Clinical Scorecard: MRI Radiomic Features as Predictors of Peritumoral Brain Edema Resolution After Meningioma Resection
At a Glance
Category
Detail
Condition
Intracranial meningiomas with peritumoral brain edema
Key Mechanisms
PTBE characterized by T2/FLAIR hyperintensity; radiomic features extracted from MRI to differentiate reversible edema from irreversible gliosis
Target Population
Adult patients undergoing gross total resection of intracranial convexity, parasagittal, or falcine meningiomas with preoperative PTBE
Care Setting
Neurosurgical and radiological care with MRI imaging and postoperative follow-up
Key Highlights
PTBE occurs in 38–67% of intracranial meningioma cases and is linked to worse postoperative outcomes including seizures and hemorrhages.
Radiomics and machine learning enable quantitative analysis of MRI features to predict PTBE resolution after surgery.
Differentiation between reversible edema and irreversible gliosis on MRI is challenging but critical for predicting neurological recovery.
Guideline-Based Recommendations
Diagnosis
Use T2-weighted and FLAIR MRI sequences to identify PTBE as hyperintense areas.
Perform tumor and edema segmentation on preoperative and 1-year postoperative MRI scans for volume assessment.
Management
Gross total resection of meningiomas with PTBE is standard surgical treatment.
Consider radiomic analysis and machine learning models to predict edema resolution and guide postoperative care.
Monitoring & Follow-up
Follow-up MRI at 1 year post-surgery to assess PTBE volume resolution.
Quantify edema resolution percentage to classify persistence or substantial decrease using an 80% cutoff.
Risks
Persistent PTBE is associated with higher recurrence, postoperative hemorrhages, seizures, longer hospital stay, dependence, and mortality.
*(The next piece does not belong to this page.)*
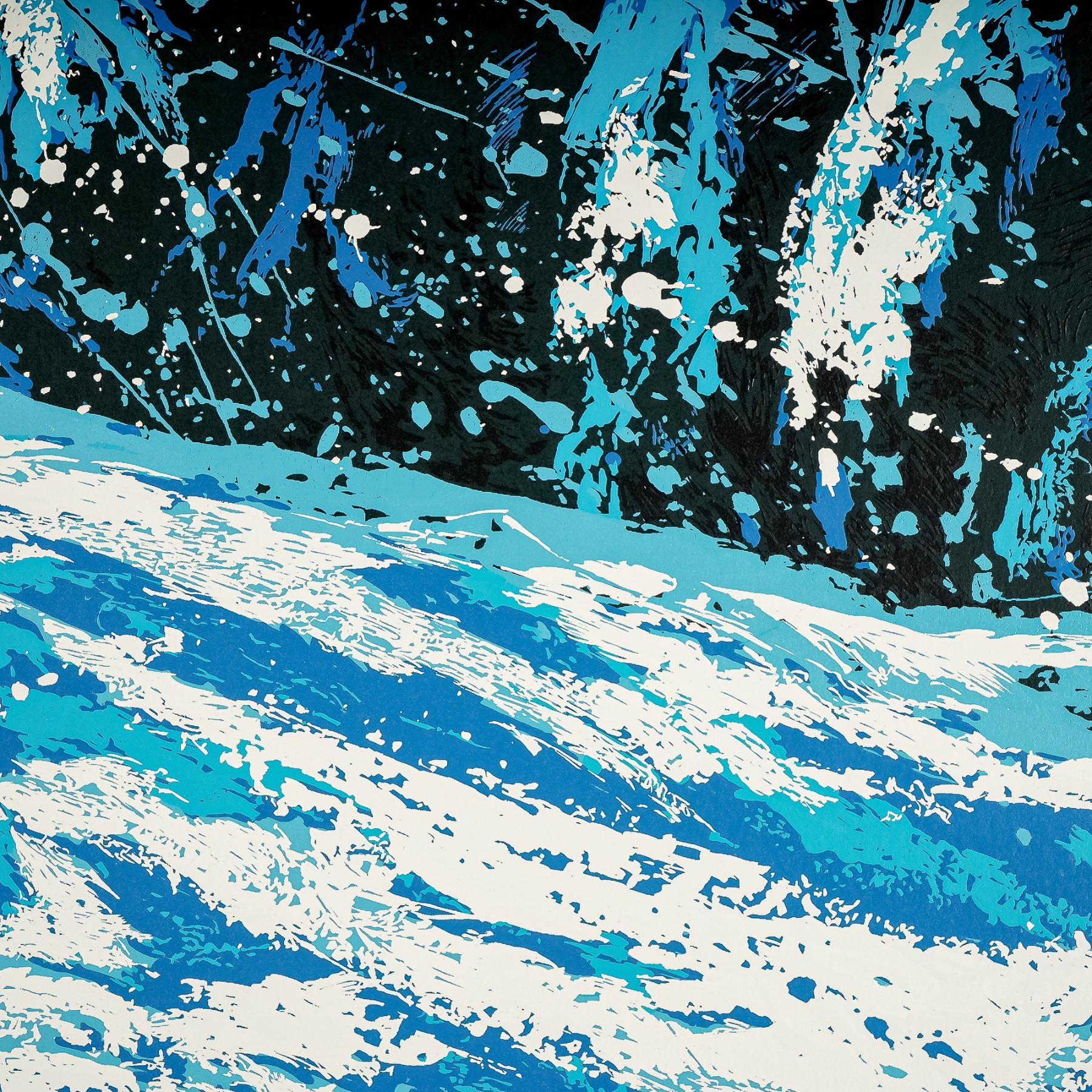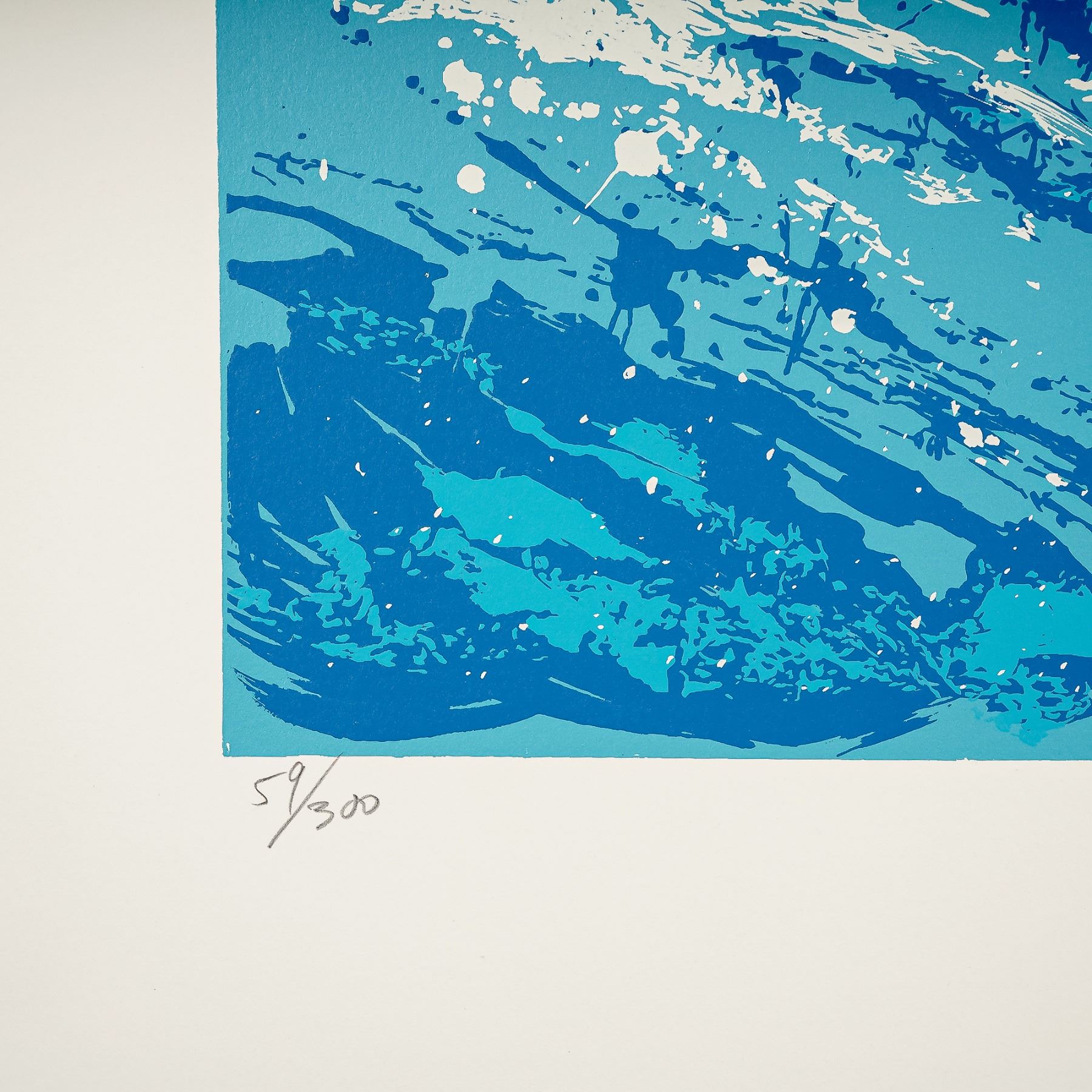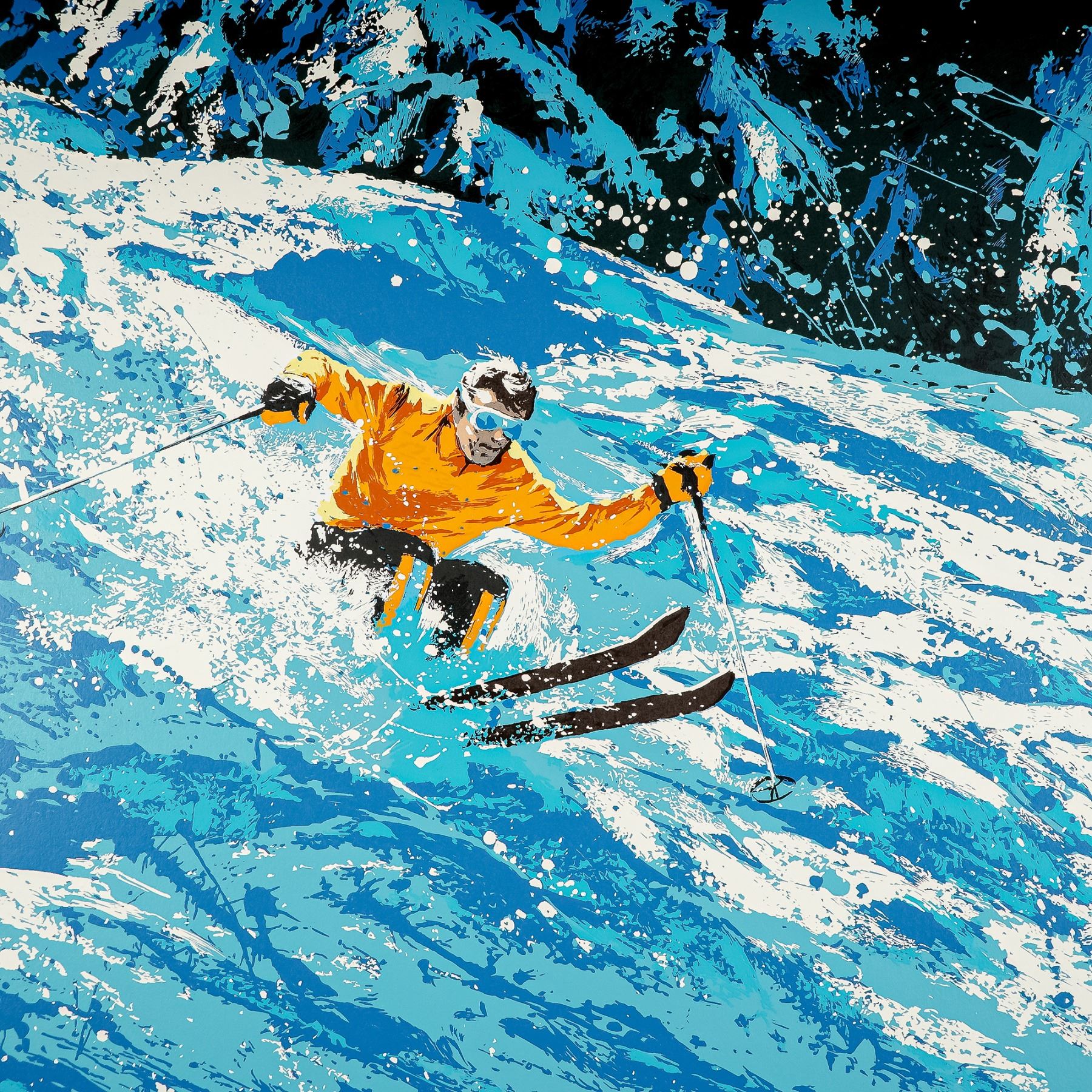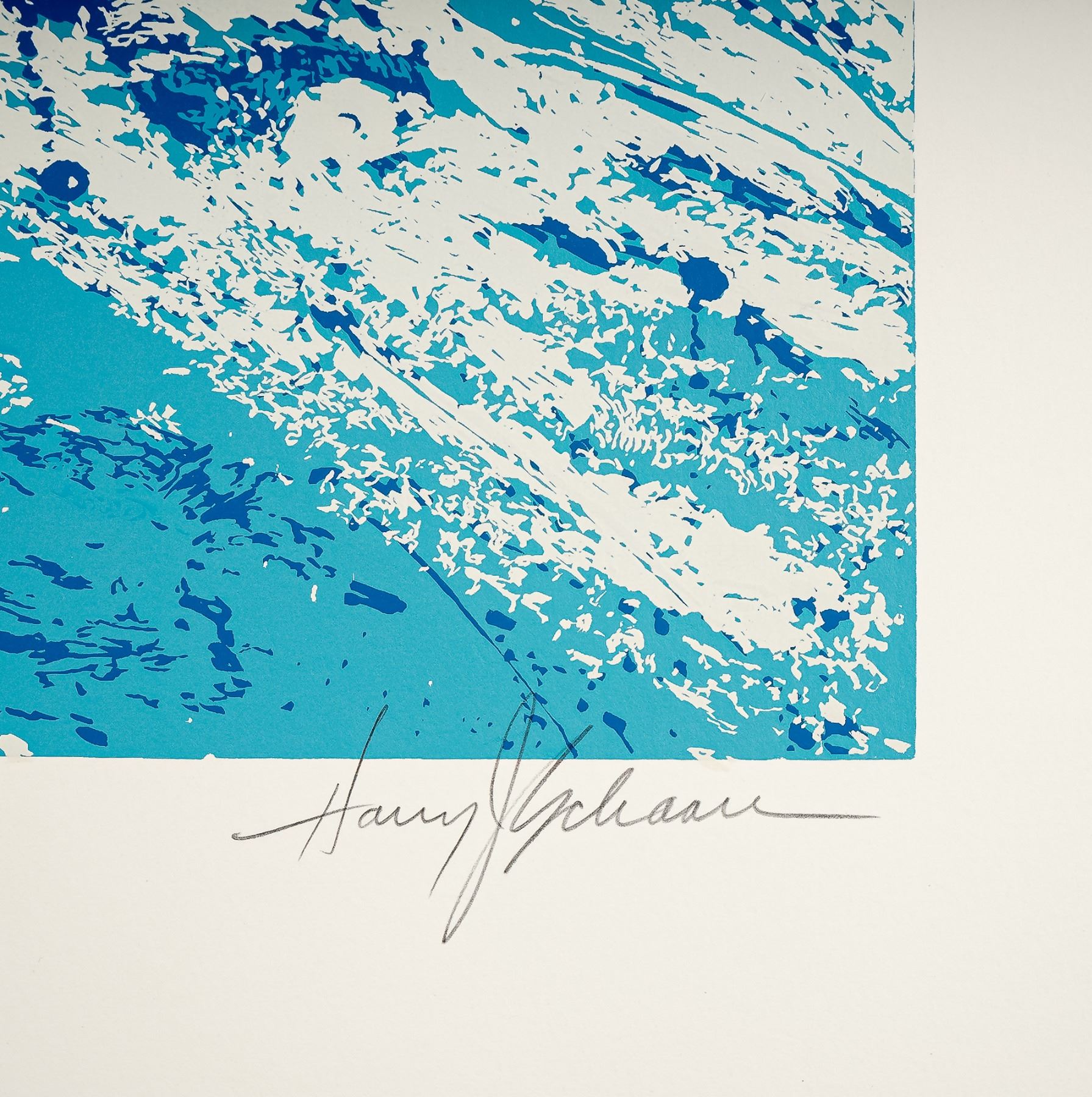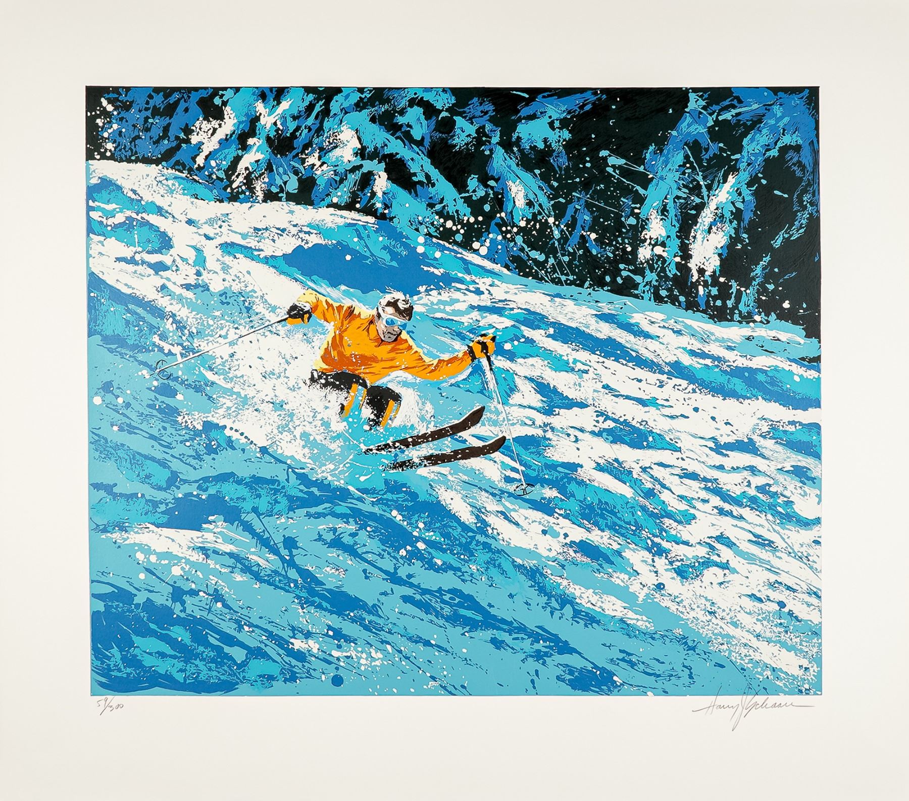 A dynamic serigraph on paper by acclaimed American artist Harry Schaare, capturing the thrill of alpine skiing with bold strokes and vivid contrast. The work depicts a skier in bright orange jacket carving down a snow-covered slope, surrounded by an explosion of blue and white tones that convey both motion and energy. This limited edition print highlights Schaare's talent for transforming action scenes into vibrant, modern compositions. A striking addition for collectors of sporting art and contemporary serigraphy. Numbered 59/300 and hand-signed by the artist in pencil at the lower margin.

Postoperative increase in PTBE may indicate iatrogenic injury and warrants exclusion from predictive modeling.
Patient & Prescribing Data
Adults with intracranial meningiomas undergoing gross total resection and exhibiting preoperative PTBE
Radiomic features extracted from MRI can help predict which patients will experience substantial PTBE resolution postoperatively, potentially informing prognosis and tailored management.
Clinical Best Practices
Ensure high-quality preoperative and follow-up MRI with T1CE, T2, and FLAIR sequences for accurate segmentation.
Use semi-automatic segmentation reviewed by experienced neurosurgeons to maintain consistency.
Apply intensity normalization and standardized radiomic feature extraction protocols compliant with IBSI.
Incorporate machine learning techniques to analyze radiomic data for predictive modeling of PTBE resolution.
Exclude patients with postoperative PTBE increase suggestive of iatrogenic injury from predictive analyses.